Records for the task: Begin

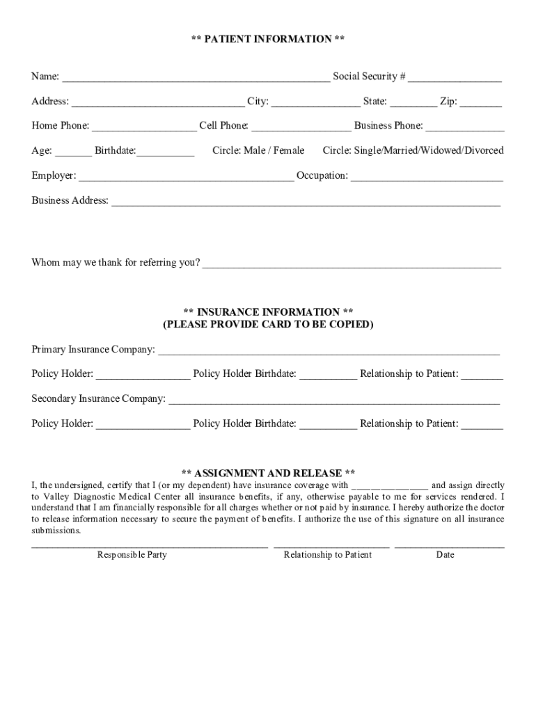 If applicable, fill in insurance information and provide details about the primary care physician.
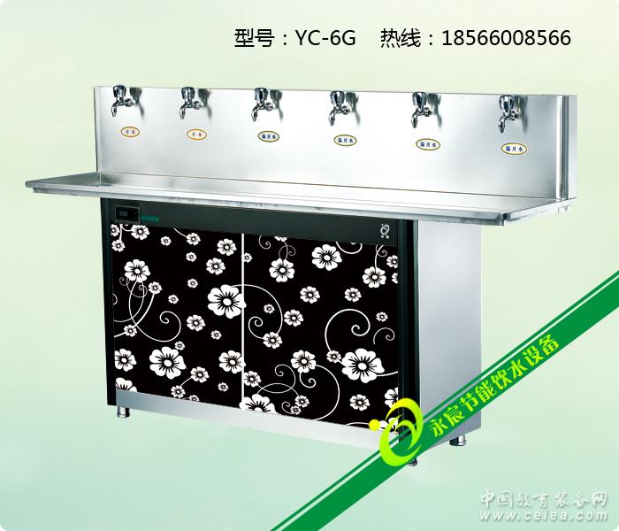校園直飲水機(IC卡飲水機系列)的用途和特點:產品型號:YC-6G水膽容量:35L供 水 量:開水60 L/H、溫開水350L/H功 率:6KW電 源:380V 50Hz過濾系統:三級過濾外形尺寸:190×43×108可供人數:150~200人飲用校園直飲水機外觀優勢:外觀設計時尚美觀,前門板采用不銹鋼太陽花花紋設計,典雅、時尚校園直飲水機獨特優勢:1、跟飲用水接觸的配件:100%采用食品級304不銹鋼深加工組裝而成,不含任何對人體有害的重金屬殘留物。2、擁有世界頂尖飲水設備研發團隊,自主研發出顛覆性的全自動水位裝置。確保水罐時刻處于常壓狀態。3、全電腦智能控制,永不干燒;VFD顯示,采用自有發明專利智能電腦控制系統。4、推進分層加熱技術:取水后,設備采用逐層推進方式進水,逐層加熱,逐層沸騰。冷熱水離,電腦控溫,徹底杜絕“千沸水”。5、高效節能:采用國際優質防火保溫材料,高效新一代專利熱能交換。同等條件下,實測對比數據為:飲用開水比普通開水器省電39.6%,飲用溫開水比普通開水器省電83.23%。6、六重安全保護設計:控制部分全采用12VDC弱電控制。裝配自動防漏電、干燒、蒸汽、缺水、超溫保護。7、按鍵開關式,龍頭水嘴全304不銹鋼制作,126萬次使用測試,30萬次安全破壞性實驗。8、水質清純,無異味、設有加熱排空電磁閥,加熱時水里的異味、微量有害離子隨蒸氣完全排出。9、安全可靠、飲水機顯示‘飲用’時完全停止加熱、真正做到水電分離、在飲用過程中絕不會有觸電事故的發生。10、真正做到無混合水和千沸水:提示清晰明確、有‘非飲用’和‘飲用’信號提示。11、布線美觀,維修方便,安全可靠:設有多孔絕緣線槽,防止電線與金屬箱體直接接觸,同時防止電線老化而漏電短路;無需扎線,維修時只需揭開線槽蓋板,即可快速修復。12、配置:荷蘭進口世界第一品牌活性炭�?蛇x擇加裝抑制水垢生成裝置、 RO處理裝置、IC水控裝置。
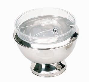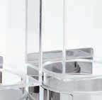 FANTASY INOX espositore | 2 bacinelle vetro | 2 coperchi | cool Inserto in PMMA satinato con fori / 2 coperchi con asola montati sull'inserto a snodo / 2 coppe in vetro incluse
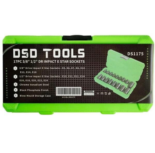 DSD 17 Piece 3/8″ 1/2″ Drive Impact E Star Sockets
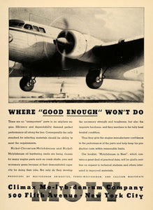 This is an original 1941 black and white print ad promoting the Nickel-Chromium-Molybdenum and Nickel-Molybdenum oil hardening steels from Climax Molybdenum Company located at 500 Fifth Avenue, New York.
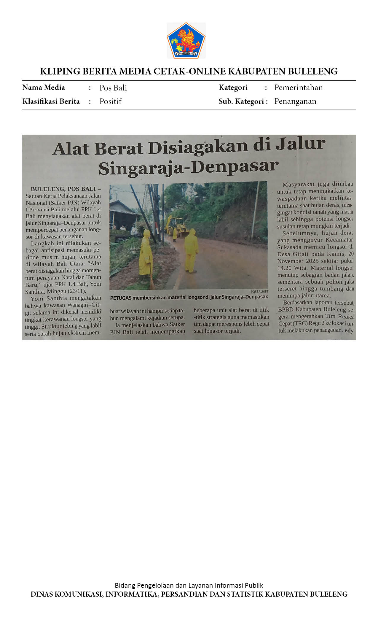 ALAT BERAT DISIAGAKAN DI JALUR SINGARAJA-DENPASAR
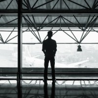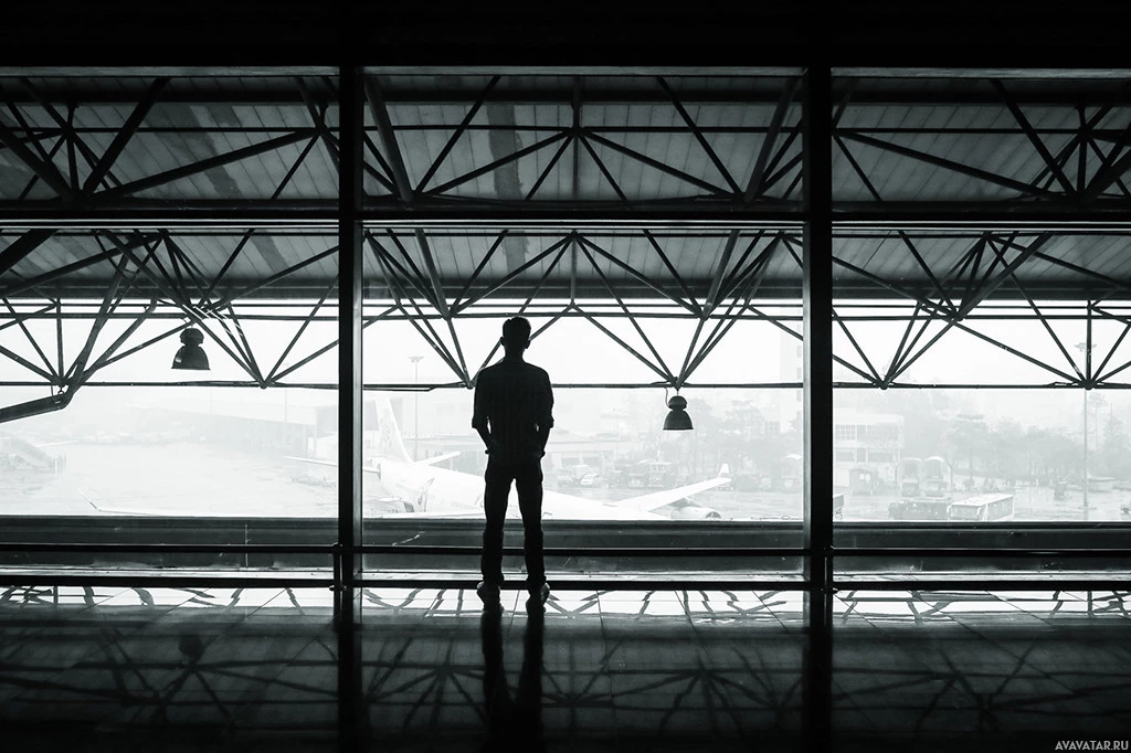 a silhouette of a person standing in what appears to be an airport or a similar terminal building. The individual is looking out through the windows at a cityscape, with buildings visible under
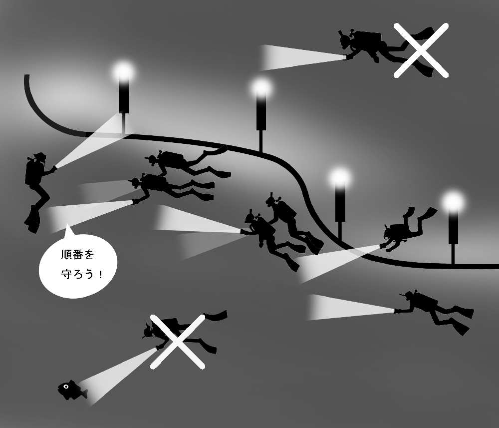 During poor visibility diving, underwater floats such as plankton block the light from underwater lights.
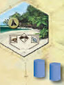 Take the Island tile marked with the number 8 and place it face up (island side) in the indicated Island space on the main board. Place the Camp token (Camp side up) on that tile. Put a black marker on the Shovel card, to cover the required terrain type icon, i.e. beach. This terrain type is explored at the start of the game by placing the first Island tile.
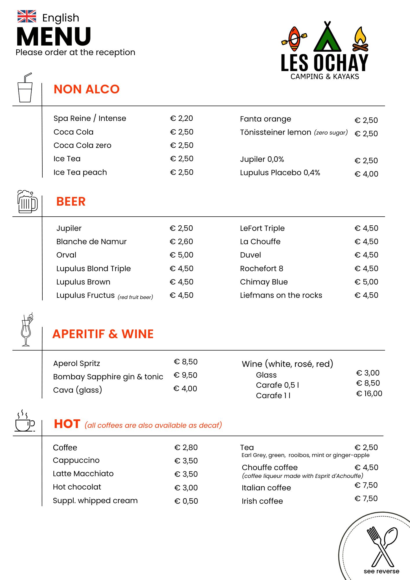 Lust auf ein erfrischendes Getränk nach einem schönen Spaziergang oder einen kleinen Hunger? Hier finden Sie unsere Menükarte!
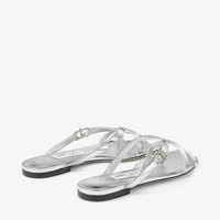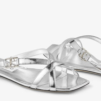 Details, Care & Fit Item No. JESSFLATQUI Characterised by a sleek silhouette and architectural lines, the Jess flat is crafted from a striking liquid metal leather. A contemporary square toe, lends a modern look to this sandal that will instantly elevated looks in your off-duty and weekend wardrobe. - Liquid metal leather - Square toe - Jimmy Choo emblem - Leather lining and sole - Made in Italy - By purchasing this product, you are supporting sustainable leather manufacturing through the Leather Working Group
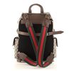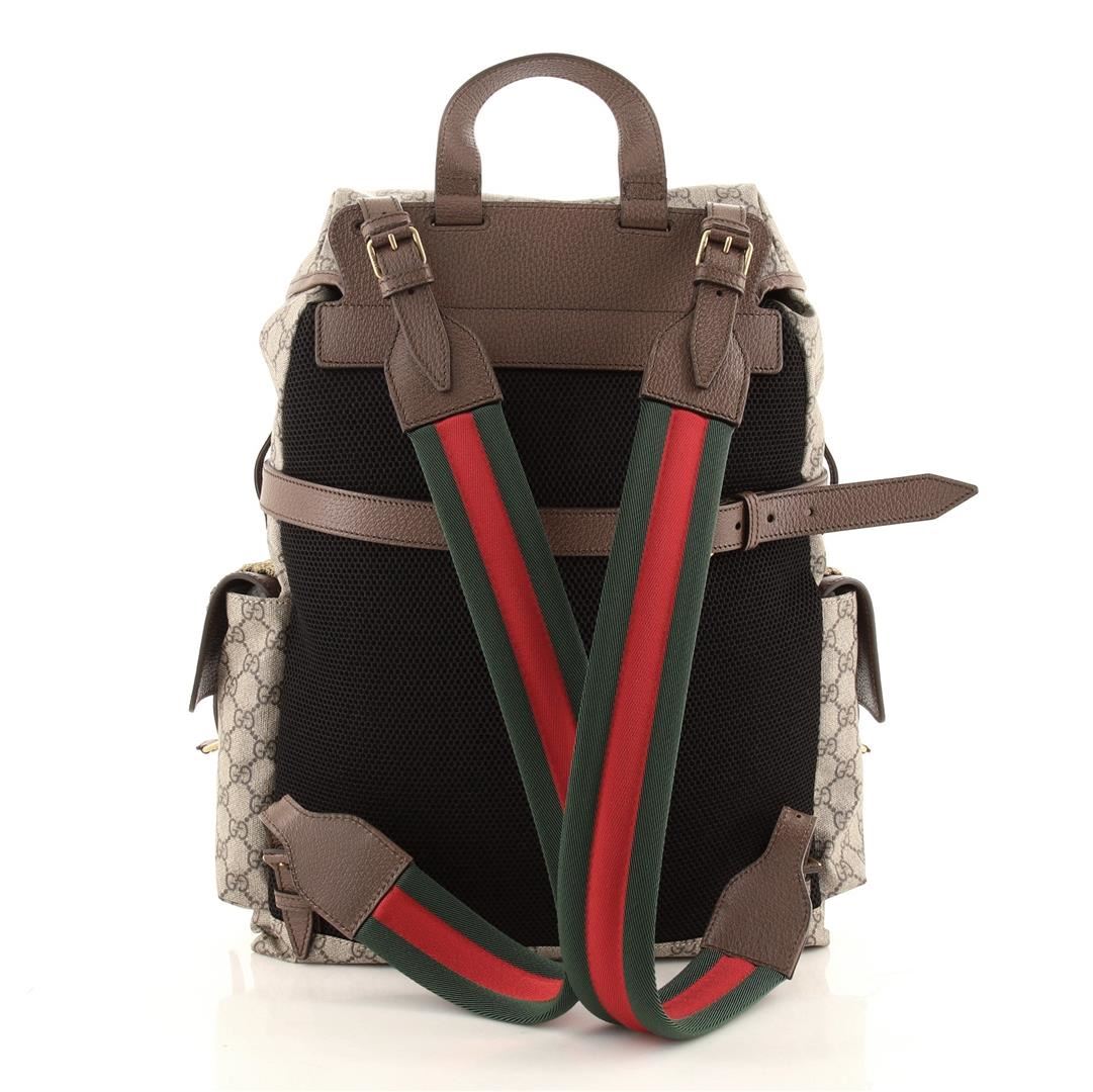 Gucci Brown Print GG Supreme Coated Canvas Donald Duck with Applique Soft Large Backpack features canvas coated soft backpack with brown leather trim, beige fine-textile interior lining, two small exterior pockets, adjustable shoulder straps, leather top handle, and drawstring closure.
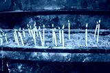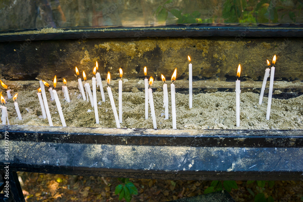 Lots of candles for good future wishes in church in darkness. Traditional faith for Orthodox, Catholic and Protestant believings. Orange, red, yellow lights on white candles on black wall background.

Records for the task: End

● **Work request**:
Pictures excluded, reproduce only the part above that opens with the line holding "校園直飲水機(IC卡飲水機系列)的用途和特點:產品型號:YC-6G水膽容量:35L供 水 量:開水60" and closes with the line holding "ALAT BERAT DISIAGAKAN", exactly as written.

● **Written response**:
校園直飲水機(IC卡飲水機系列)的用途和特點:產品型號:YC-6G水膽容量:35L供 水 量:開水60 L/H、溫開水350L/H功 率:6KW電 源:380V 50Hz過濾系統:三級過濾外形尺寸:190×43×108可供人數:150~200人飲用校園直飲水機外觀優勢:外觀設計時尚美觀,前門板采用不銹鋼太陽花花紋設計,典雅、時尚校園直飲水機獨特優勢:1、跟飲用水接觸的配件:100%采用食品級304不銹鋼深加工組裝而成,不含任何對人體有害的重金屬殘留物。2、擁有世界頂尖飲水設備研發團隊,自主研發出顛覆性的全自動水位裝置。確保水罐時刻處于常壓狀態。3、全電腦智能控制,永不干燒;VFD顯示,采用自有發明專利智能電腦控制系統。4、推進分層加熱技術:取水后,設備采用逐層推進方式進水,逐層加熱,逐層沸騰。冷熱水離,電腦控溫,徹底杜絕“千沸水”。5、高效節能:采用國際優質防火保溫材料,高效新一代專利熱能交換。同等條件下,實測對比數據為:飲用開水比普通開水器省電39.6%,飲用溫開水比普通開水器省電83.23%。6、六重安全保護設計:控制部分全采用12VDC弱電控制。裝配自動防漏電、干燒、蒸汽、缺水、超溫保護。7、按鍵開關式,龍頭水嘴全304不銹鋼制作,126萬次使用測試,30萬次安全破壞性實驗。8、水質清純,無異味、設有加熱排空電磁閥,加熱時水里的異味、微量有害離子隨蒸氣完全排出。9、安全可靠、飲水機顯示‘飲用’時完全停止加熱、真正做到水電分離、在飲用過程中絕不會有觸電事故的發生。10、真正做到無混合水和千沸水:提示清晰明確、有‘非飲用’和‘飲用’信號提示。11、布線美觀,維修方便,安全可靠:設有多孔絕緣線槽,防止電線與金屬箱體直接接觸,同時防止電線老化而漏電短路;無需扎線,維修時只需揭開線槽蓋板,即可快速修復。12、配置:荷蘭進口世界第一品牌活性炭�?蛇x擇加裝抑制水垢生成裝置、 RO處理裝置、IC水控裝置。
 FANTASY INOX espositore | 2 bacinelle vetro | 2 coperchi | cool Inserto in PMMA satinato con fori / 2 coperchi con asola montati sull'inserto a snodo / 2 coppe in vetro incluse
 DSD 17 Piece 3/8″ 1/2″ Drive Impact E Star Sockets
 This is an original 1941 black and white print ad promoting the Nickel-Chromium-Molybdenum and Nickel-Molybdenum oil hardening steels from Climax Molybdenum Company located at 500 Fifth Avenue, New York.
 ALAT BERAT DISIAGAKAN DI JALUR SINGARAJA-DENPASAR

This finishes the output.